Als nächstes möchte ich meine Schwabenkinder-Geschichte auf CD rausbringen - die ist für die ganze Familie geeignet - und  Zaubergeschichten für Leute mit guten Nerven.  Eine Projekt mit Geschichten "nur für Erwachsene" liegt auch abrufbereit in meinem Kopf – der Himmel weiß, wann ich Zeit finde, sie auf CD zu produzieren, denn meine Hauptarbeit sind natürlich die Live-Auftritte landauf landab.


Kann man Erzählen lernen, kann man bei Ihnen Erzählen lernen? 

Ich glaube grundsätzlich, dass wir erzählen können! Sprechtechniken erlernen, bewusst Mimik u. Gestik einstudieren – das ist meine Sache nicht. Im Gegenteil – es führt meiner Meinung nach im schlechtesten Fall zu verkünstelten, verkrampften Vorträgen oder stereotypen Rezitationen. Das freie mündliche Geschichten-Erzählen hat eine ganz andere Qualität: Wenn wir auf unsere ganz eigene Sprache vertrauen, vielleicht sogar einen Dialekt sprechen, müssen wir nur noch Geschichten finden, die wir lieben. Dann, davon bin ich fest überzeugt, finden wir Menschen die uns zuhören. 


Trotzdem geben Sie im In- und Ausland viele Workshops? 
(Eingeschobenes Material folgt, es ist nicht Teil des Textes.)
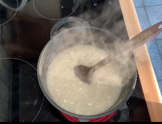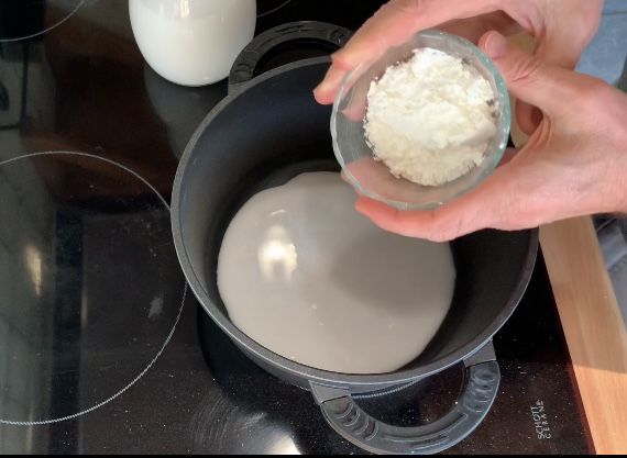 Nel frattempo preparare la Crema al Cocco unendo in un pentolino prima una parte de latte di cocco per diluire l’amido di mais, poi aggiungere tutti gli altri ingredienti, dopo aver mescolato gli ingredienti portare sul fuoco medio e cuocere per circa 10 minuti

Meine Kurse richten sich vor allem an Leute denen immer wieder die Frage gestellt wird: "Erzählst Du uns eine Geschichte?" Ich gebe ganz praktische Tipps zur Dramaturgie. Was macht eine Geschichte spannend, warum wollen Menschen sie vielleicht hören? Ich verrate Tricks und Werkzeuge fürs "Basteln" von Geschichten. Und ich unterstütze und begleite Leute, die sich auf dem Weg gemacht haben, um das Geschichten-Erzählen zu ihrem Beruf zu machen.